Temperature gradient gel electrophoresis

The Temperaturgradientengelelektrophorese ( TGGE, english temperature gradient gel electrophoresis ) and the Denaturierungsgradientengelelektrophorese ( DGGE, Eng. Denaturing gradient gel electrophoresis ) are gel electrophoretic method for the separation of charged biomolecules. Using a temperature gradient or a chemical gradient across the length of the polyacrylamide gel. DGGE and TGGE which are for the separation of nucleic acids such as DNA or RNA and less frequently used for proteins. Alternative methods include, for example, DNA sequencing, SSCP, heteroduplex EMSA and denaturing HPLC.

Temperaturgradientengelelektrophorese

TGGE which is a gel having a temperature difference over the length of the gel. From a certain temperature double-stranded DNA melts into two single strands. The melting point is dependent on the DNA sequence and its base-pairing and can be calculated approximately. From the melting temperature, the rate of migration of the DNA in the gel drops significantly. The gradient can be used for electrophoretic migration direction (English parallel TGGE ) or orthogonal (English Perpendicular TGGE ) are applied in parallel. Orthogonally oriented gradients allow the identification of the melting point and the optimum temperature range for a sharp separation as possible. In parallel to the temperature gradient electrophoresis, separation is performed by means of different melting points, and only after the initial molecular weight. This allows both mutations and secondary structures are detected. A variant of the previously used TGGE hybridization to heteroduplexes to amplify the differences in electrophoretic mobility.

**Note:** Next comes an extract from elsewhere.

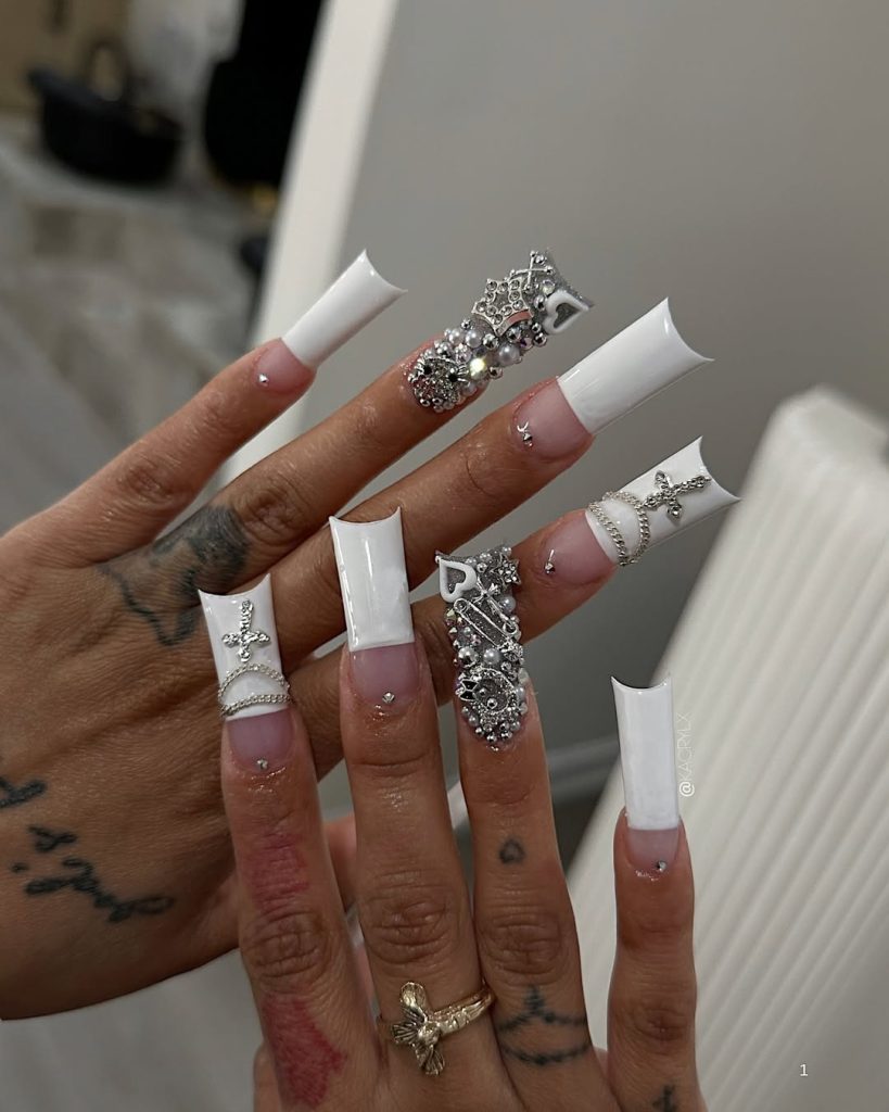 These stunning white acrylic nails redefine classy baddie energy with icy precision. The clean white base is paired with 3D silver gems, tiny chains, and bold cross charms that add instant drama. They have that “rich girl minimalism” vibe—simple in color but intricate in texture and design.

Denaturierungsgradientengelelektrophorese

In the DGGE gel containing a chemical gradient of a chaotropic agent. The abolition of secondary structures is carried out by the increasingly denaturing concentration of chaotropic agent. The denaturation is carried out usually not continuously across the gradient, but in discrete steps. Characterized mutations such as SNPs can be compared in the two DNA sequences. The disadvantage of the chemical gradient is its poor reproducibility and heteroduplexes an occasional blurred separation.

History

The DGGE was developed from 1979 by Leonard Lerman and Stuart Fischer at SUNY Albany. The separation of proteins by DGGE was first described by Thomas E. Creighton at the MRC in Cambridge. The TGGE was developed in 1981 by Thatcher and Hodson and by Roger Wartell.